Centauro was deployed in the former Yugoslavia and Somalia, where the design proved successful. Centauro was usually employed to escort motor convoys, for wide area control and for road patrols.

Centauros were also deployed during operation Antica Babilonia, the Italian involvement in the Iraq War. During this operation, a Centauro troop took part in the battle for the bridges of Nassiriya, destroying a building where snipers were hiding.

In 2003, Spain deployed six Centauro 105/52mm to Iraq for the self-defense of their troops.

Variants

Anti-tank

 Centauro 105mm
 The baseline and original version, also called Centauro Reconnaissance Anti-Tank.

 Centauro 120mm
 Upgraded Centauro with a low recoil 120 mm L/45 cannon (unrelated to the Rheinmetall L/44 120mm) in a newly designed turret and with new composite armour that can resist up to 40mm APFSDS rounds on the front and 14.5mm on the rest of the body.
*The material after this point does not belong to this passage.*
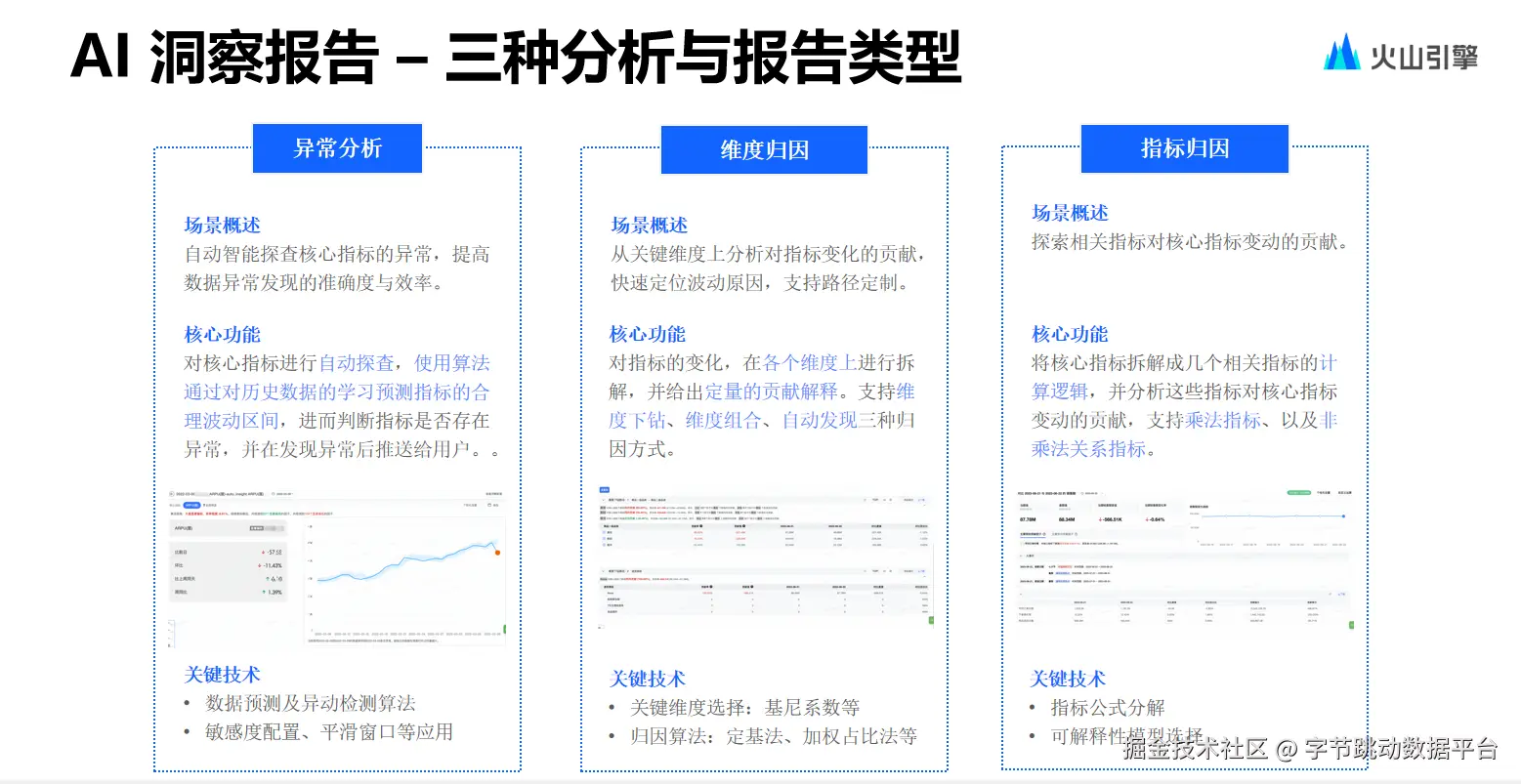 接着是数据分析场景。在数据分析场景中,开发团队希望能够帮助用户更快捷地进行异常指标查询以及异常归因,不想再为用户配置例如当数据指标低于 10%或 5%再发送警告此类傻瓜式警告方式。

This vehicle was also used as a testbed for various technologies that would be used in the B1 Centauro's successor vehicle, the Centauro II.

 Centauro II
 In July 2018, the Italian Army signed a €159 million (USD $186 million) contract to acquire 10 Centauro II tank destroyers, the first tranche of a planned 150-vehicle order. The 30-ton Centauro II is based on the Freccia chassis with a two-man turret with a 120 mm gun. Additional improvements include a digital communications system, a 720 hp engine delivering 24 hp/ton, and wheels extending farther out from the hull for greater stability and better protection against mine blasts.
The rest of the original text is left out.